Status of Controlled Clinical Trials in Peripheral Vessel Atherosclerosis
There are two general strategies to test the efficacy of drugs which may cause atherosclerosis regression in man. The first is to study drug effects on atherosclerosis-related morbidity or mortality, a strategy which has been accepted for many years. For example, the Coronary Drug Project1 studied the effects of six drugs in men aged 30 to 64 years who had recovered from one or more episodes of myocardial infarction (MI). Fifty-three clinics recruited 8,341 patients who were randomly assigned to one of six treatment groups.

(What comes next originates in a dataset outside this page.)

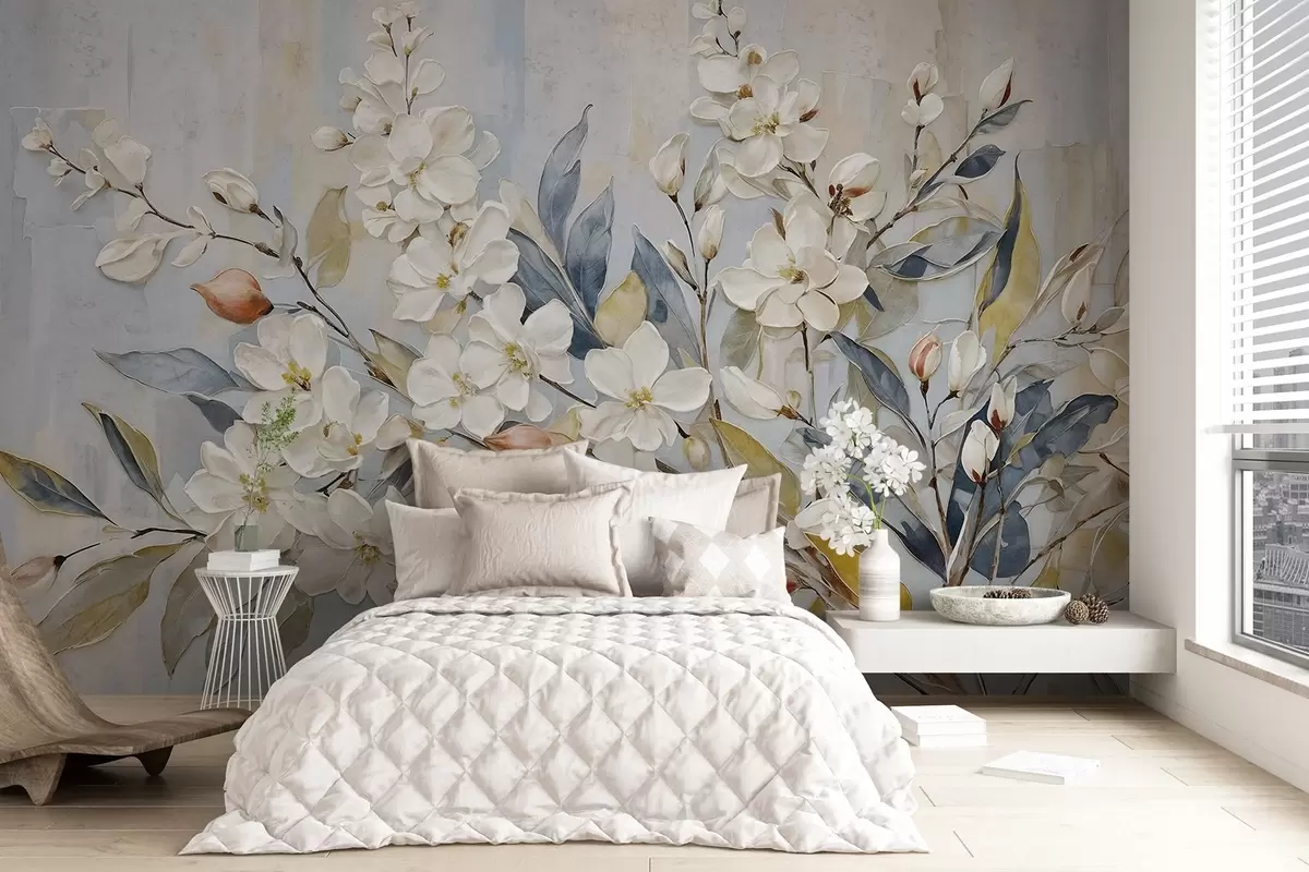 Fototapet Blommig pastellfärgad delikat vit blomma med gul mitt, omgiven av frodiga gröna blad och grenar Nr. w08399v1

Three study groups (conjugated estrogens, 2.5 mg/day; conjugated estrogens, 5.0 mg/day; and dextrothyroxine sodium, 6.0 mg/day) were discontinued before the scheduled conclusion of the project, whereas patients in the remaining groups (Clofibrate, 1.8 g/day; niacin, 3.0 g/day; and lactose placebo 3.8 g/day) were followed to the end of the study. The results of that study indicated that there was no evidence of significant efficacy of Clofibrate or of niacin with regard to total mortality or cause-specific mortality. Five-year mortality rates were 20.0% for Clofibrate, 21.2% for niacin, and 20.9% for the placebo.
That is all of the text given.